== Data below
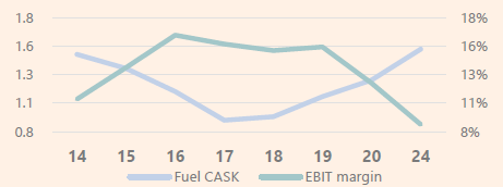 As we can see, as the load factor recovered post-pandemic (Q2 2022 – Summer 2021), the allocation of the fleet's depreciation cost began to normalize (the pre-pandemic level was €0.55 cents per ASK).
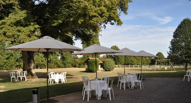 Tables rondes, chaises confortables et autres accessoires d'extérieur sont à votre disposition tout le long de votre mariage
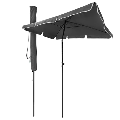 WOLTU Parasol de Jardin Extérieur, Parasol Plage, Rectangulaire Inclinable, Hauteur Réglable, pour Balcon, Terrasse, Marché, Protection UV, 160g/m², 2x1,2m, Gris Foncé
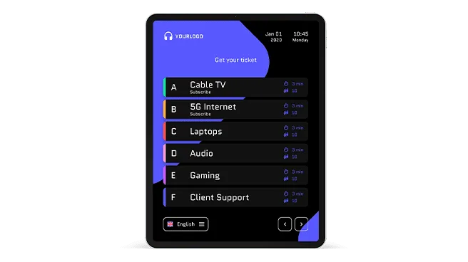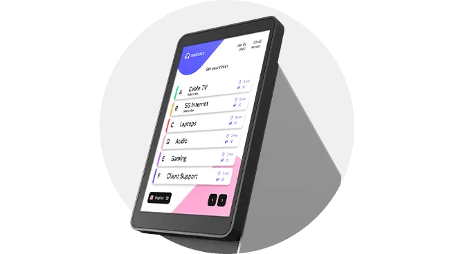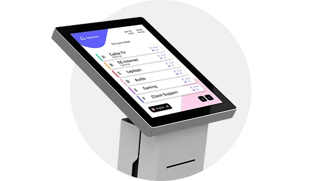Se utilizzi i biglietti digitali, puoi utilizzare un tablet in un sistema completamente virtuale. I clienti possono anche effettuare il check-in utilizzando il loro smartphone e ricevere notifiche in tempo reale sul loro turno. Interessato?
====
The problem: Each line of the data needs to be output exactly, with any image excluded.

Response below:
 As we can see, as the load factor recovered post-pandemic (Q2 2022 – Summer 2021), the allocation of the fleet's depreciation cost began to normalize (the pre-pandemic level was €0.55 cents per ASK).
 Tables rondes, chaises confortables et autres accessoires d'extérieur sont à votre disposition tout le long de votre mariage
 WOLTU Parasol de Jardin Extérieur, Parasol Plage, Rectangulaire Inclinable, Hauteur Réglable, pour Balcon, Terrasse, Marché, Protection UV, 160g/m², 2x1,2m, Gris Foncé
Se utilizzi i biglietti digitali, puoi utilizzare un tablet in un sistema completamente virtuale. I clienti possono anche effettuare il check-in utilizzando il loro smartphone e ricevere notifiche in tempo reale sul loro turno. Interessato?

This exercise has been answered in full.